Link-Cut Tree solution
Sort the queries ascending by their right ends. Use a Link-Cut Tree maintaining the maximum spanning tree (forest, if edges are not enough) using the edges from 1-st to r-th (the weight of a edge is its sequential number. The 1-st edge is weighted 1, 2-nd is 2, …). This can be done because we can use the Link-Cut Tree to find the minimum edge between two tree-node, then delete it and insert the new edge in O(logN) time.
For a query of [l, r], count the number of edges with weight larger than or equal to l, denoting it as C. This can be done by some other data structures, like Segment Tree or Fenwick Tree. Also, it requires O(logN) time for each update of edges in the maximum spanning tree. Then, the answer of the query, is N - C.
The correctness of this algorithm can be proven by the Kruskal algorithm. First, greedily apply it to the edges from r-th to l-th (in the described order) and get a spanning tree. It should be a part of the spanning tree got by greedily applying it to the edges from r-th to 1-th.
Sqrt Decomposition solution
Similar to Codeforces 86D, which is the first problem I saw this method using as an offline algorithm, this problem can be solved by the Sqrt Decomposition.
If you can solve that problem, then, the idea here is quite simple:
- divide 1…M edges into sqrt(M) blocks, each has sqrt(M) edges.
- group the queries by the block IDs of their left ends.
- for all queries in the same group (begin at the same block), sort them ascending by their right ends.
Now, we are considering the queries begin at the same block:
- scan the queries one by one and use a union-find set to maintain the connectivity of subgraph consisting of edges from the first edge of the next block to the last edges of the current query.

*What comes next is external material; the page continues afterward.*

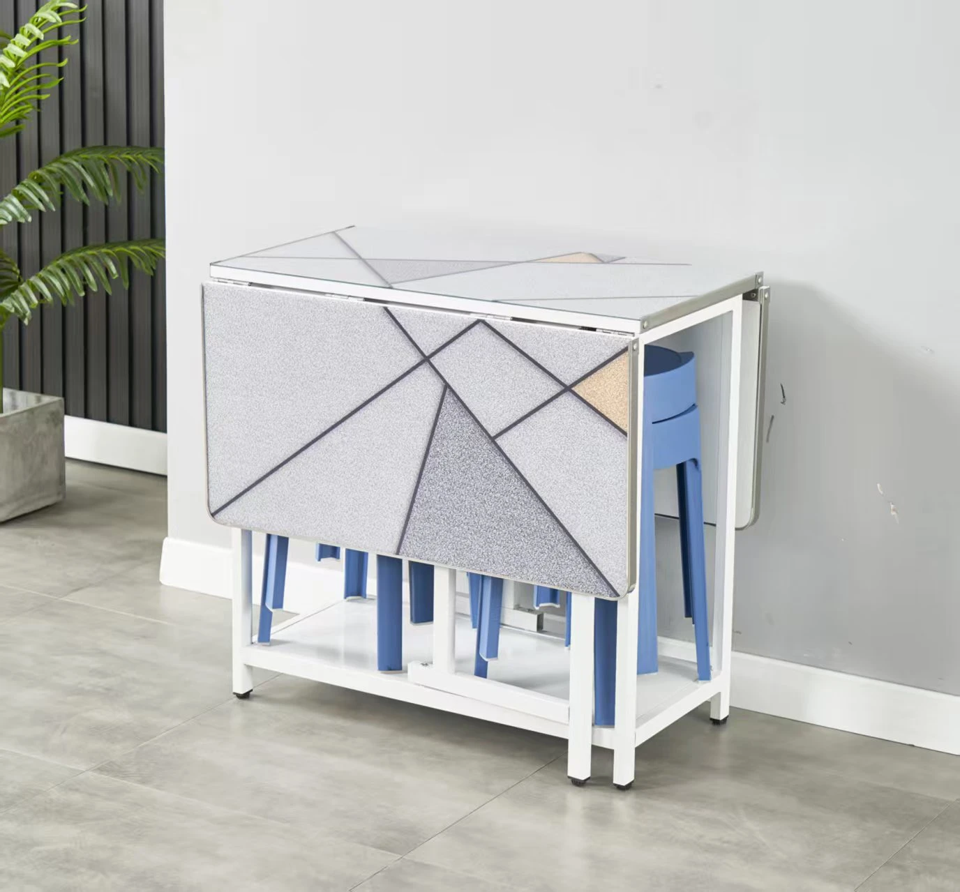 Smartly designed for compact living, this foldable space-saving dining table transforms from a full dining setup into a neat, compact unit when not in use. The stylish geometric glass tabletop folds down smoothly, while all four stools store securely inside the table frame—keeping your space clutter-free.

- For the edges between the left end of the current query and the last edge of the beginning block (at most sqrt(N) edges here, because they are in the same block), run some brute-force union operations to merge them to get the answer.
- After the brute-force merge, we need to restore the union-find set we maintained before. Because there are at most sqrt(N) merge operations, we can record the places we changed (at most sqrt(N), too) and restore them.
Therefore, we can solve this problem in O((Q + M)sqrt(M)) time using this idea.